Institute of Biotechnology of the Czech Academy of Sciences, BIOCEV, CZ-252 50 Vestec, Prague-West, Czech Republic.
Nucleic Acids Res. 2020 Jun 19;48(11):6367-6381. doi: 10.1093/nar/gkaa383.
By analyzing almost 120 000 dinucleotides in over 2000 nonredundant nucleic acid crystal structures, we define 96+1 diNucleotide Conformers, NtCs, which describe the geometry of RNA and DNA dinucleotides. NtC classes are grouped into 15 codes of the structural alphabet CANA (Conformational Alphabet of Nucleic Acids) to simplify symbolic annotation of the prominent structural features of NAs and their intuitive graphical display. The search for nontrivial patterns of NtCs resulted in the identification of several types of RNA loops, some of them observed for the first time. Over 30% of the nearly six million dinucleotides in the PDB cannot be assigned to any NtC class but we demonstrate that up to a half of them can be re-refined with the help of proper refinement targets. A statistical analysis of the preferences of NtCs and CANA codes for the 16 dinucleotide sequences showed that neither the NtC class AA00, which forms the scaffold of RNA structures, nor BB00, the DNA most populated class, are sequence neutral but their distributions are significantly biased. The reported automated assignment of the NtC classes and CANA codes available at dnatco.org provides a powerful tool for unbiased analysis of nucleic acid structures by structural and molecular biologists.

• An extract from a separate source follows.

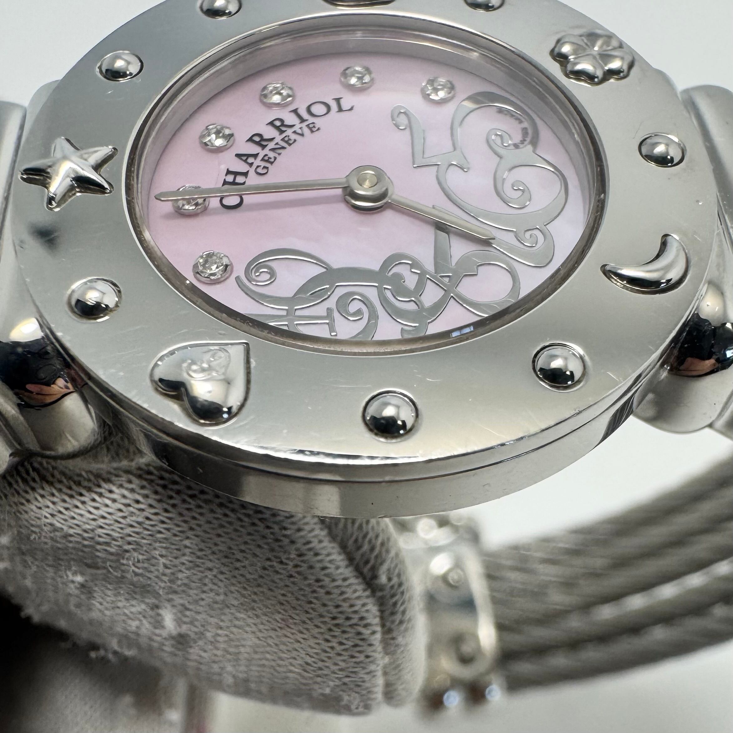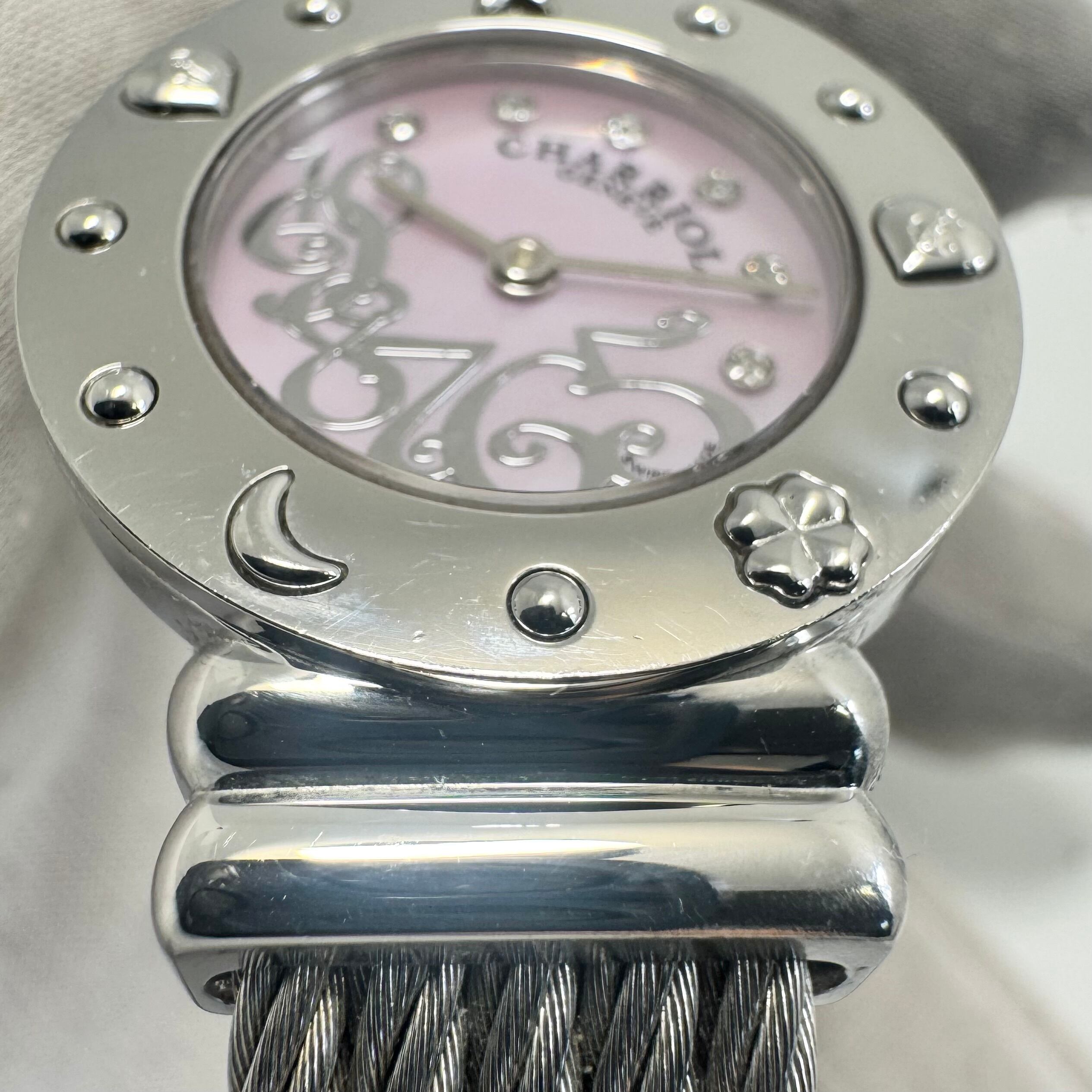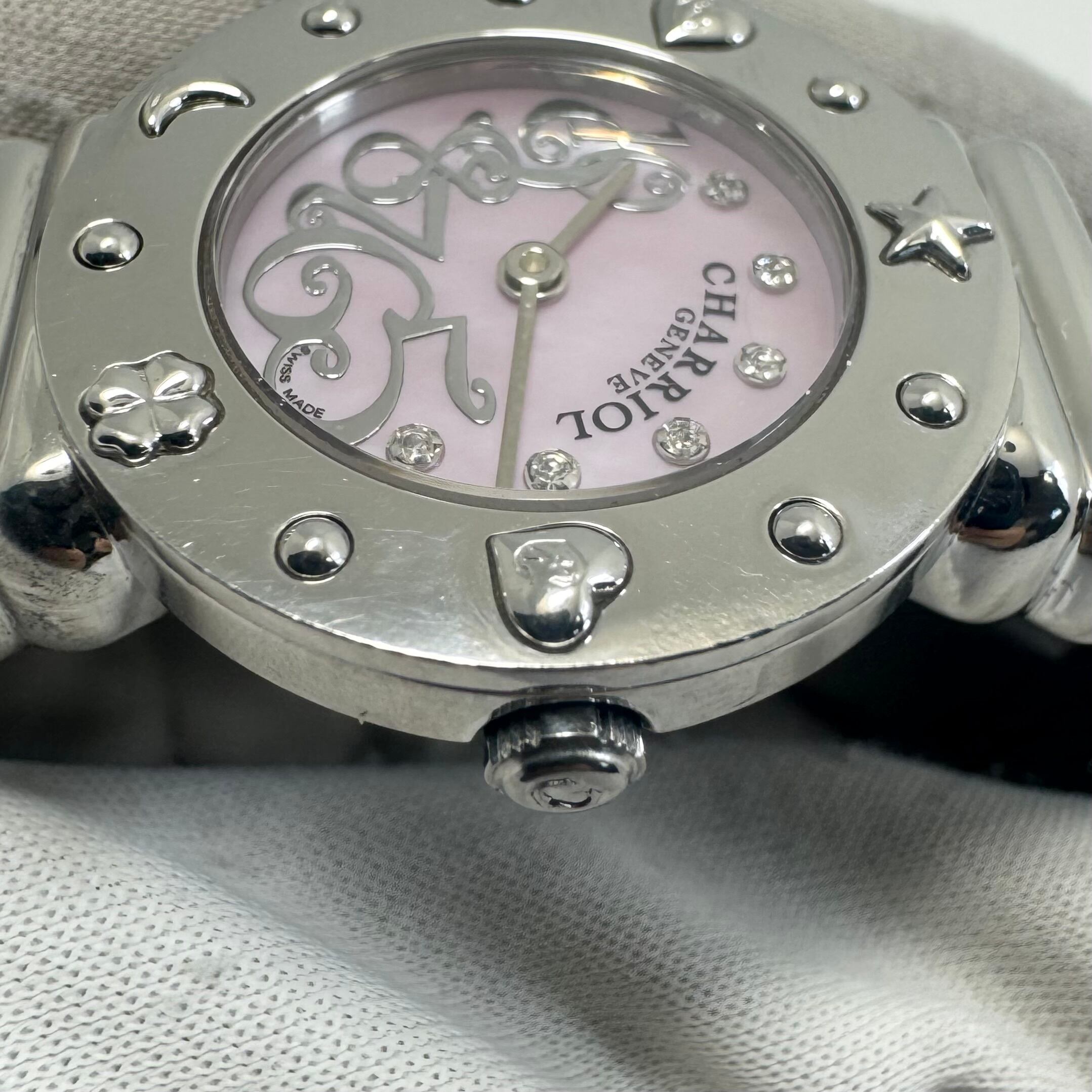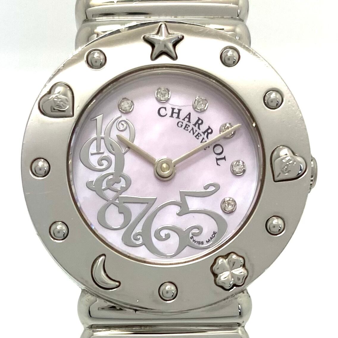 フィリップシャリオール PHILIPPE CHARRIOL サントロペ 028/2 01983H クォーツ ピンクシェル 6P 2針 バングル チャーム

通过分析超过 2000 个非冗余核酸晶体结构中的近 120000 个二核苷酸,我们定义了 96+1 个二核苷酸构象体(NtC),这些构象体描述了 RNA 和 DNA 二核苷酸的几何形状。NtC 类被分为 15 个 CANA(核酸结构字母表)代码,以简化对 NAs 显著结构特征的符号注释及其直观的图形显示。对 NtC 模式的非平凡搜索导致了几种 RNA 环的识别,其中一些是首次观察到的。在 PDB 中近六百万个二核苷酸中,超过 30%的二核苷酸不能被分配到任何 NtC 类,但我们证明,其中多达一半可以通过适当的精修目标重新精修。对 NtC 和 CANA 代码对 16 个二核苷酸序列偏好的统计分析表明,形成 RNA 结构支架的 NtC 类 AA00 和最常见的 DNA 类 BB00 都不是序列中性的,而是它们的分布存在显著的偏向性。在 dnatco.org 上提供的自动分配 NtC 类和 CANA 代码的功能为结构和分子生物学家对核酸结构进行无偏分析提供了强大的工具。